| To do |
Nothing but the lines below from the first through the one with "The inaugural Northland" should appear, printed exactly; please leave pictures out.

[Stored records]
= Beginning of Section =
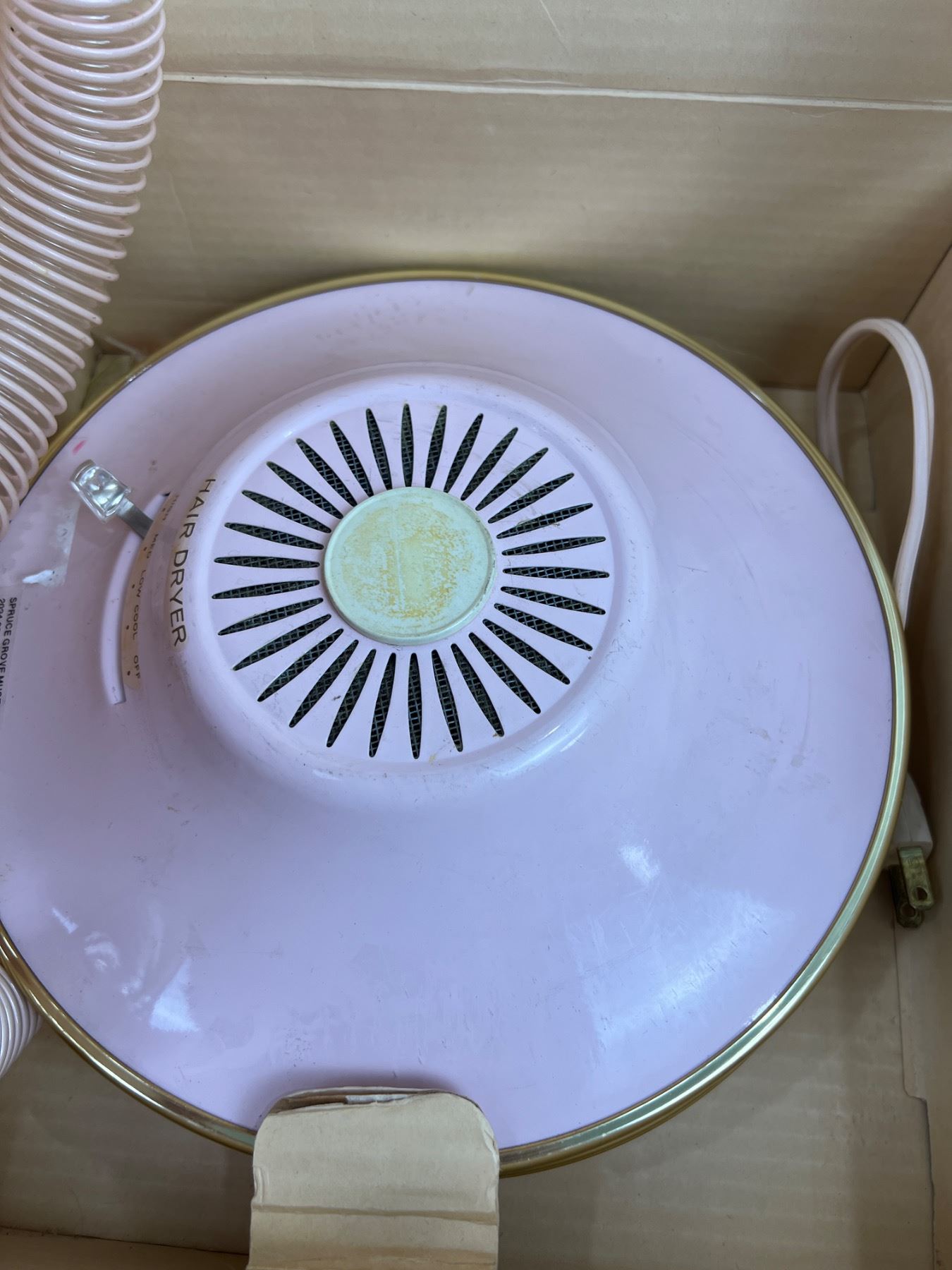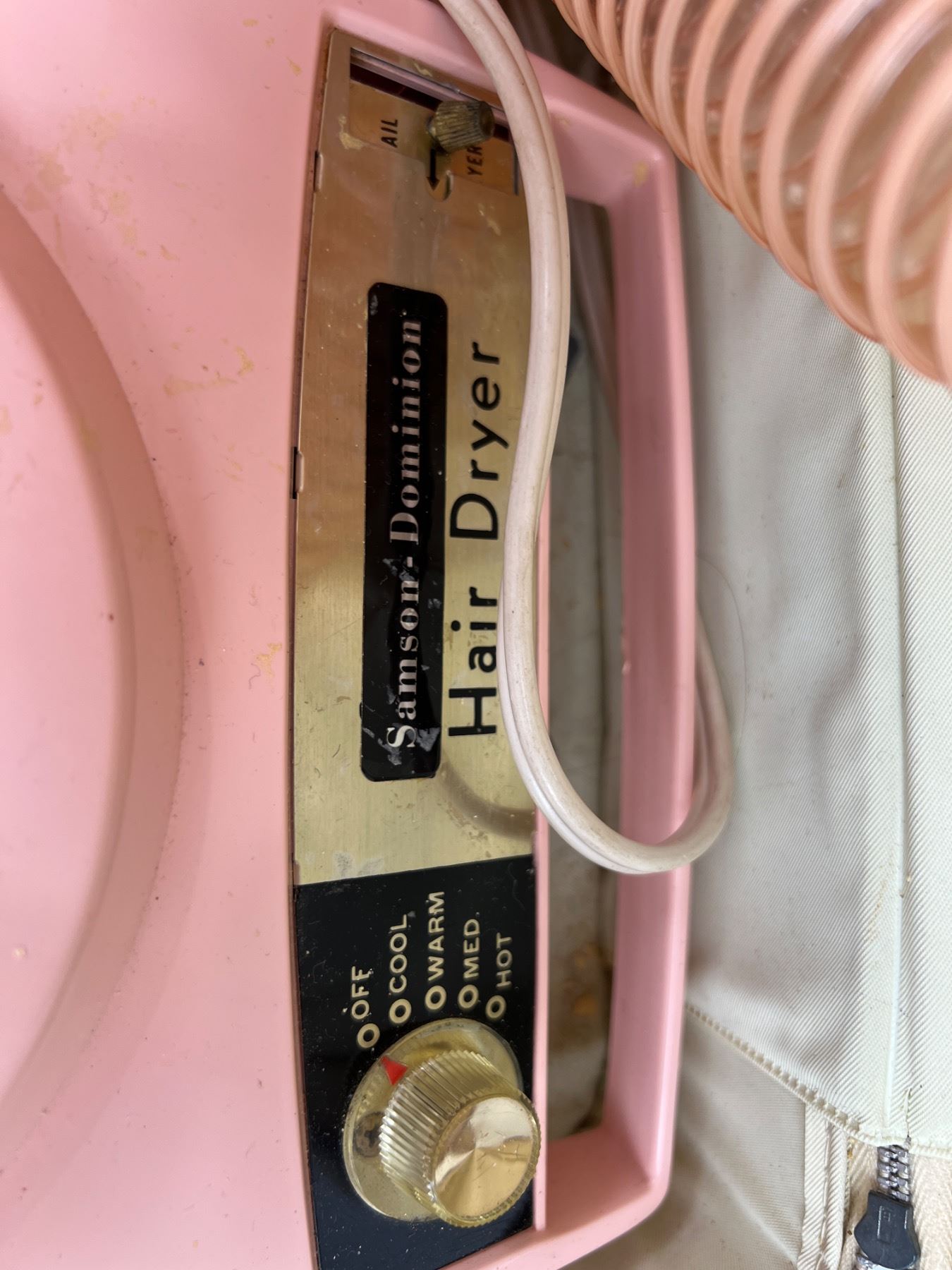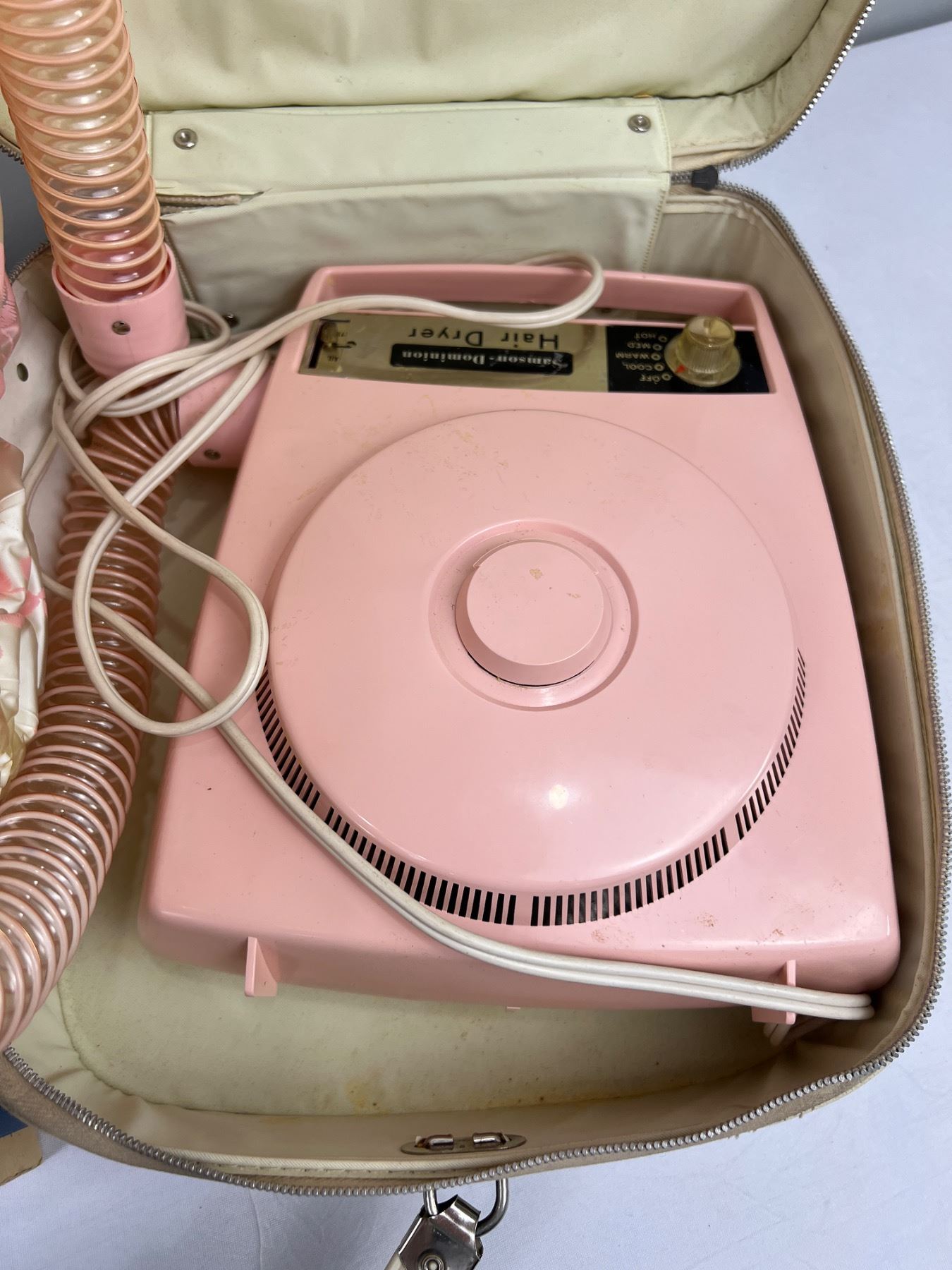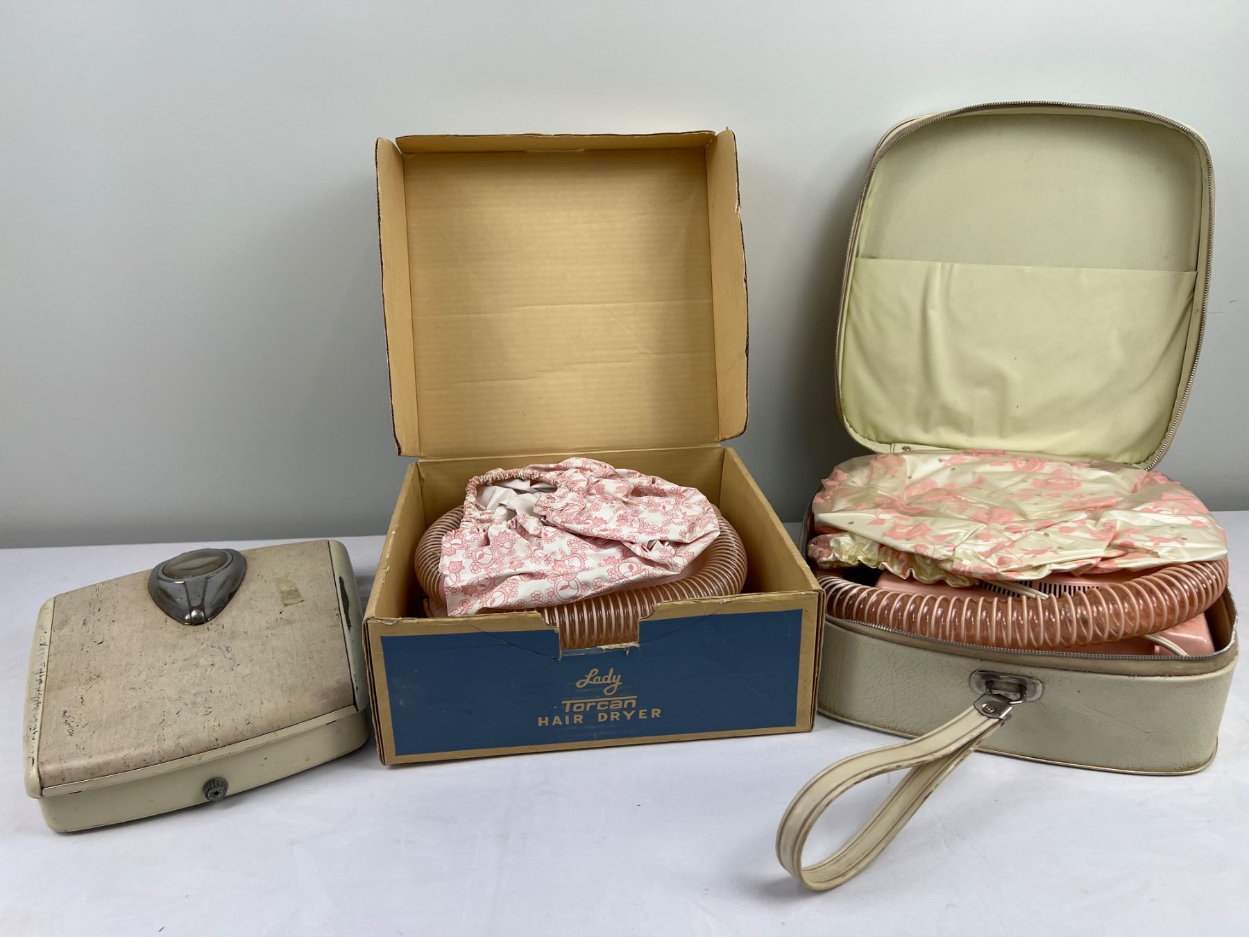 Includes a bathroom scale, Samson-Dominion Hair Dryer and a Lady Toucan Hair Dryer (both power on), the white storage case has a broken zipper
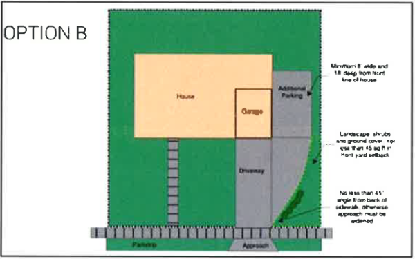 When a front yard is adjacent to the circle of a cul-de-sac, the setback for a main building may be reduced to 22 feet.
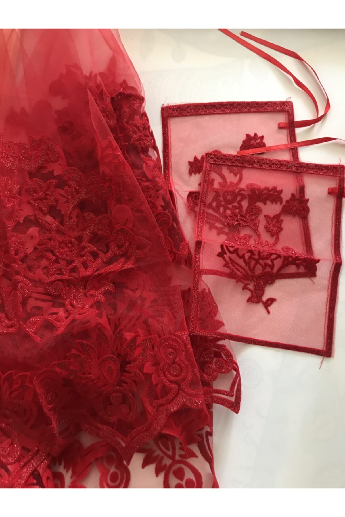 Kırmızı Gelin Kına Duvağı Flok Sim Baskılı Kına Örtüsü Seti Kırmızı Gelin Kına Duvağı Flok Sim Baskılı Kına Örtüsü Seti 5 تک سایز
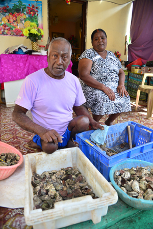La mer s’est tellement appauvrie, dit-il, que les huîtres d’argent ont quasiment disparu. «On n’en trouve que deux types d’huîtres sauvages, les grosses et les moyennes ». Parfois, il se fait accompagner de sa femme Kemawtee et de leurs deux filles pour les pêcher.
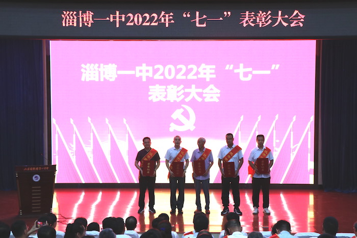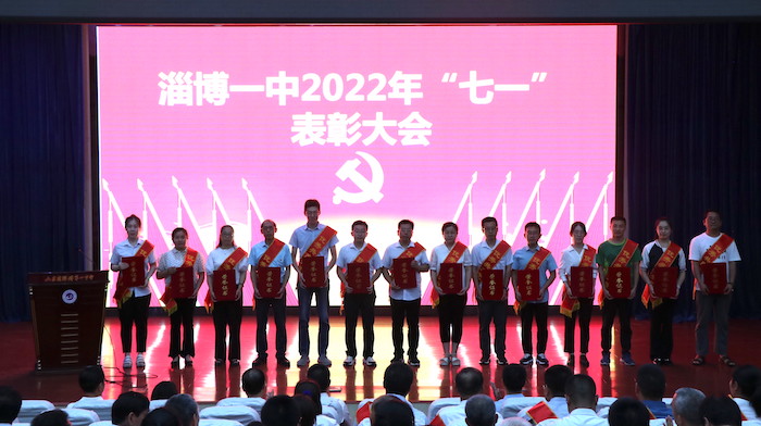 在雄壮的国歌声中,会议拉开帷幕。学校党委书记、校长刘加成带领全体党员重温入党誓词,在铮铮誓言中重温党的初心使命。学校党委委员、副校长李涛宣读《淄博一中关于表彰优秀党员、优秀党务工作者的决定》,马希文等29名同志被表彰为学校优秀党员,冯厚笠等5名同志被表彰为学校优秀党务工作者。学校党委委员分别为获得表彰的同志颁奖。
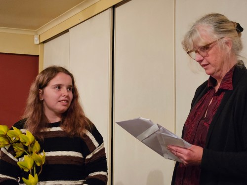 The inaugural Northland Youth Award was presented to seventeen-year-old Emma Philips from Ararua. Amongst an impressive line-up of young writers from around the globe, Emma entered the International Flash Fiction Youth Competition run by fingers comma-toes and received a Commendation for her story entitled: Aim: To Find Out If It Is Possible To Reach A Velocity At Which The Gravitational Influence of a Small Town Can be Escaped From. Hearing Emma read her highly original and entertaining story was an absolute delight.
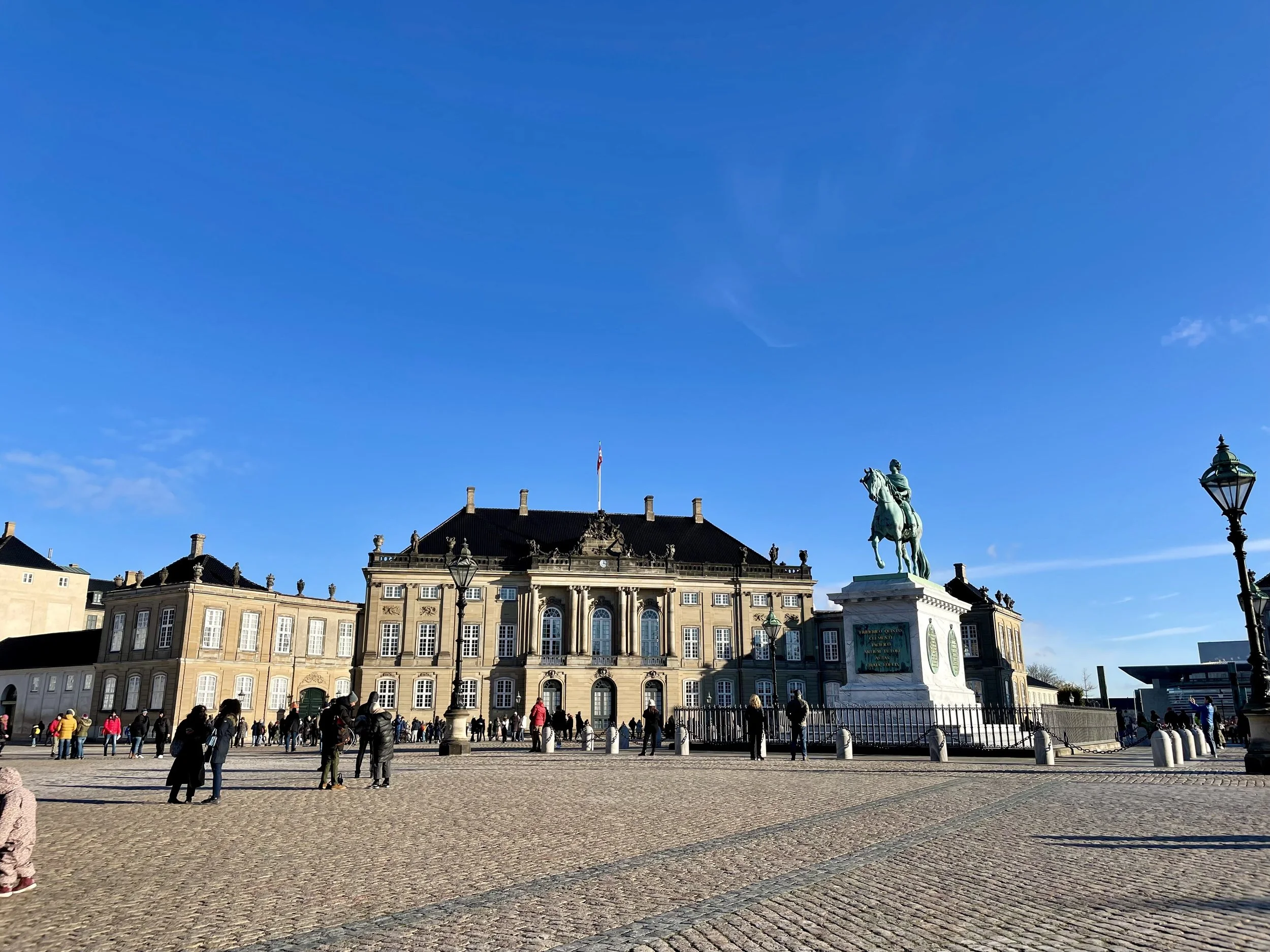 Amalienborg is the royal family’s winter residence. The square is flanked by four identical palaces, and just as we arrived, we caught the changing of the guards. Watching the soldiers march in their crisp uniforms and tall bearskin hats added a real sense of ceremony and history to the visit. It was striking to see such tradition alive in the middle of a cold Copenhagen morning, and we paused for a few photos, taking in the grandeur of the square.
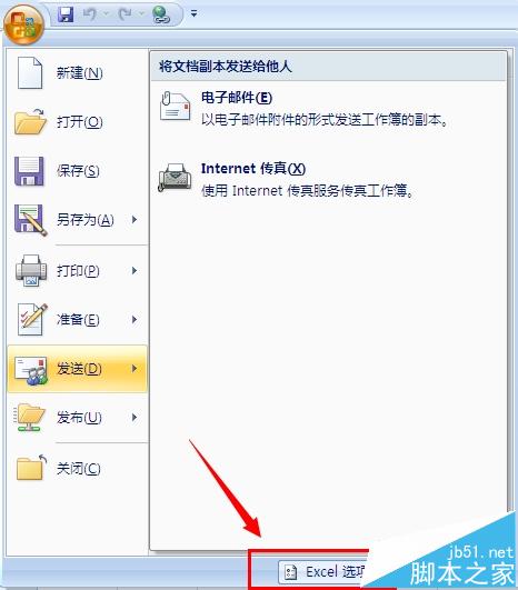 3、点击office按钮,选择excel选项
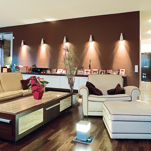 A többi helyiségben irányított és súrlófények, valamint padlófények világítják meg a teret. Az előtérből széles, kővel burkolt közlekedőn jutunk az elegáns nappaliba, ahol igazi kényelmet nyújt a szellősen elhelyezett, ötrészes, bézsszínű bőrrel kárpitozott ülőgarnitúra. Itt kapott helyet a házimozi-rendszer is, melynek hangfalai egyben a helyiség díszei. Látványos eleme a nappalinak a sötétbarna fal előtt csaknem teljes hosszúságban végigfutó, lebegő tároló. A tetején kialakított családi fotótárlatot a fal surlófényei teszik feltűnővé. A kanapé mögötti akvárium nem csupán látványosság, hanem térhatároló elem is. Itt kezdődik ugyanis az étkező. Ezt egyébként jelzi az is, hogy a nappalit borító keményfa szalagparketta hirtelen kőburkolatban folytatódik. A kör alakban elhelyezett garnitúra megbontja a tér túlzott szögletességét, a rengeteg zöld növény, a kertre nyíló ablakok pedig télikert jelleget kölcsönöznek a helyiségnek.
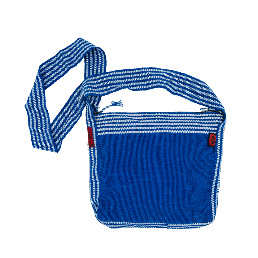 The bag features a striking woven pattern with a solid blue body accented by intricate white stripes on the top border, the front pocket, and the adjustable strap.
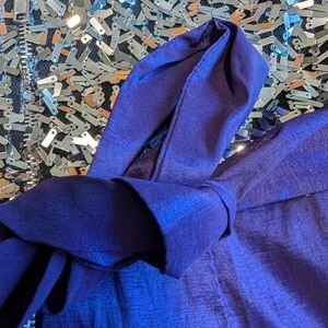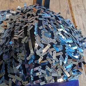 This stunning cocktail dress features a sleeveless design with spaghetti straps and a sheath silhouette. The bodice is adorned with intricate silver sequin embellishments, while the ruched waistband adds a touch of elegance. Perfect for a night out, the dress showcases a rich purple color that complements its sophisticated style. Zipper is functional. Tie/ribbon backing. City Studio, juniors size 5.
= End of Section =
| Result of this exercise |
 Includes a bathroom scale, Samson-Dominion Hair Dryer and a Lady Toucan Hair Dryer (both power on), the white storage case has a broken zipper
 When a front yard is adjacent to the circle of a cul-de-sac, the setback for a main building may be reduced to 22 feet.
 Kırmızı Gelin Kına Duvağı Flok Sim Baskılı Kına Örtüsü Seti Kırmızı Gelin Kına Duvağı Flok Sim Baskılı Kına Örtüsü Seti 5 تک سایز
La mer s’est tellement appauvrie, dit-il, que les huîtres d’argent ont quasiment disparu. «On n’en trouve que deux types d’huîtres sauvages, les grosses et les moyennes ». Parfois, il se fait accompagner de sa femme Kemawtee et de leurs deux filles pour les pêcher.
 在雄壮的国歌声中,会议拉开帷幕。学校党委书记、校长刘加成带领全体党员重温入党誓词,在铮铮誓言中重温党的初心使命。学校党委委员、副校长李涛宣读《淄博一中关于表彰优秀党员、优秀党务工作者的决定》,马希文等29名同志被表彰为学校优秀党员,冯厚笠等5名同志被表彰为学校优秀党务工作者。学校党委委员分别为获得表彰的同志颁奖。
 The inaugural Northland Youth Award was presented to seventeen-year-old Emma Philips from Ararua. Amongst an impressive line-up of young writers from around the globe, Emma entered the International Flash Fiction Youth Competition run by fingers comma-toes and received a Commendation for her story entitled: Aim: To Find Out If It Is Possible To Reach A Velocity At Which The Gravitational Influence of a Small Town Can be Escaped From. Hearing Emma read her highly original and entertaining story was an absolute delight.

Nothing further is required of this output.